The final Dutch connection to America I have observed is the shared spirit of hard work and entrepreneurship. For over two centuries, America has been suspiciously viewed by many Europeans as a nation of busy bodies who work too many hours and don’t take enough vacation time. As I walk along the streets of Rotterdam, it becomes obvious to me that these American traits have their origins right here in Holland. From an outsider’s perspective, it appears that everyone in Holland is constantly on the move and needs to get to their next appointment as soon as possible. I don’t see many people hanging around during the day like I would if I was visiting a city in France or Italy. Rather, I see workers efficiently eating lunch while keeping a close eye on their watches. I see hotel employees springing to attention in an exuberant manner while the building’s fire alarms are tested. The fact that the Dutch healthcare system has far more elements of privatization than its European neighbors only reinforces this point. So the next time a British acquaintance of yours brags about America’s British roots, you can inform them of our Dutch roots as well.

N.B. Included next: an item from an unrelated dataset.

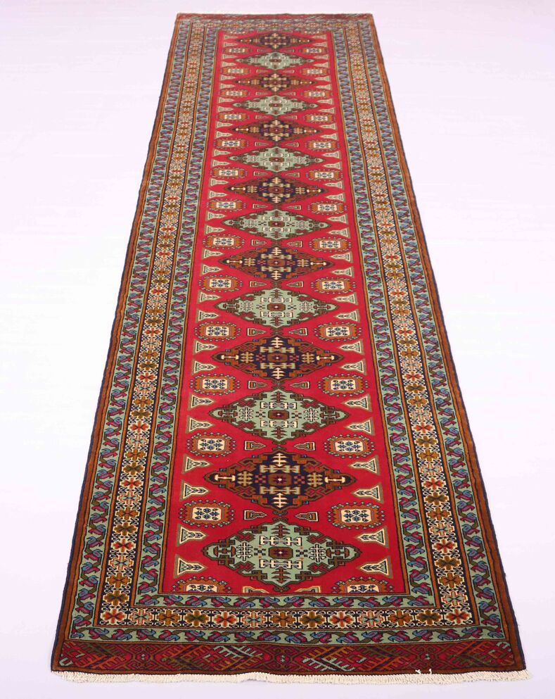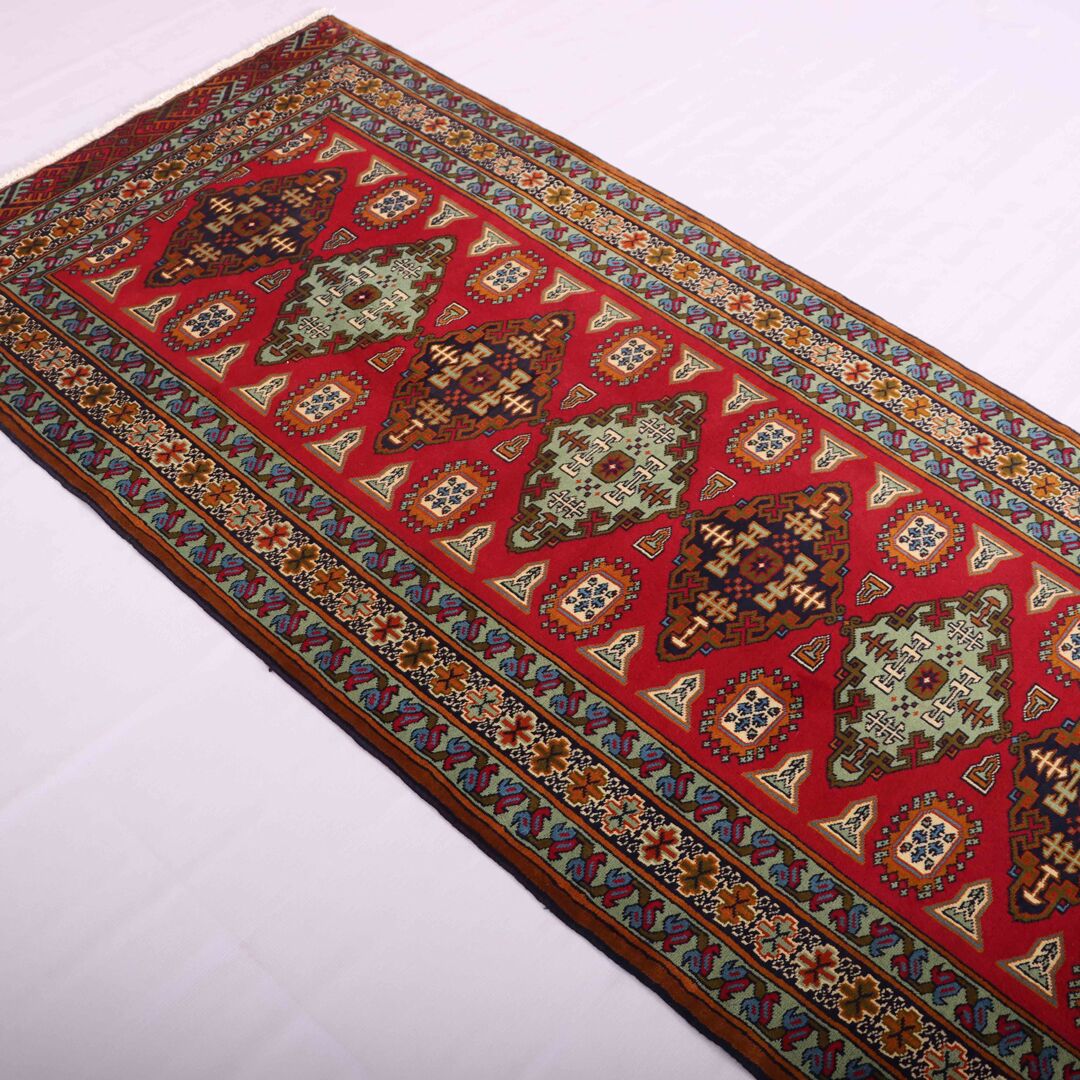 Elevate your space with the enduring beauty and craftsmanship of the Certified Hand Knotted Persian Turkoman Runner Rug, exclusively available from RugMaster, your trusted source for handmade Persian Rugs and Runners.
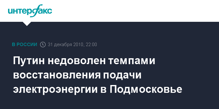 Ново-Огарево. 31 декабря. INTERFAX.RU - Премьер-министр РФ Владимир Путин выразил недовольство темпами восстановления подачи электроэнергии в Подмосковье.

  • Correction: the Pilgrims left from Delfshaven, not Delft

5 thoughts on “Holland: America’s Dutch Roots

  1. If you’ve been in the netherlands long enough you should know you shouldnt call it Holland. Apart from that, good article altough I dont think the dutch work as hard as the americans do. Greetings from a dutch person residing in the US

  2. Thanks Eizo. Yes, I realize that Holland only refers to the provinces of North and South Holland. But since I spent the majority of this trip in these two provinces, I think titling the blog as “Holland” is proper. I also plan on referencing to the difference between Holland and The Netherlands in a future blog post about my time in Groningen.

    1. Oh please, again with this argument? Seriously, we Dutchies should shut up about this and just accept that foreigmers call it Holland.

      “Uuuuh but it’s only a region in the Netherlands. It’s like calling America Kansas”

      Yeah. It’s like calling The United States of America, “America”. It’s like calling the United Kingdom “England”. It’s like calling Oceania “Australia”. Because NOBODY does that now do they?

      Seriously. Just accept that “Holland” is shorter, and far easier to say than “the Netherlands”, and that therefore, people are gonna do so. Not just in English, but in pretty much every language people say “Holland”, and many call us “Hollanders” or similar. Just bloody accept it, go to a football match, and be the only one there to shout “Hup, Nederland, Hup”

  3. I liked your post, however I would like to ad that the pelgrims lived for a long time in Leiden before Sailing
    To the new world. Some of them are barried there.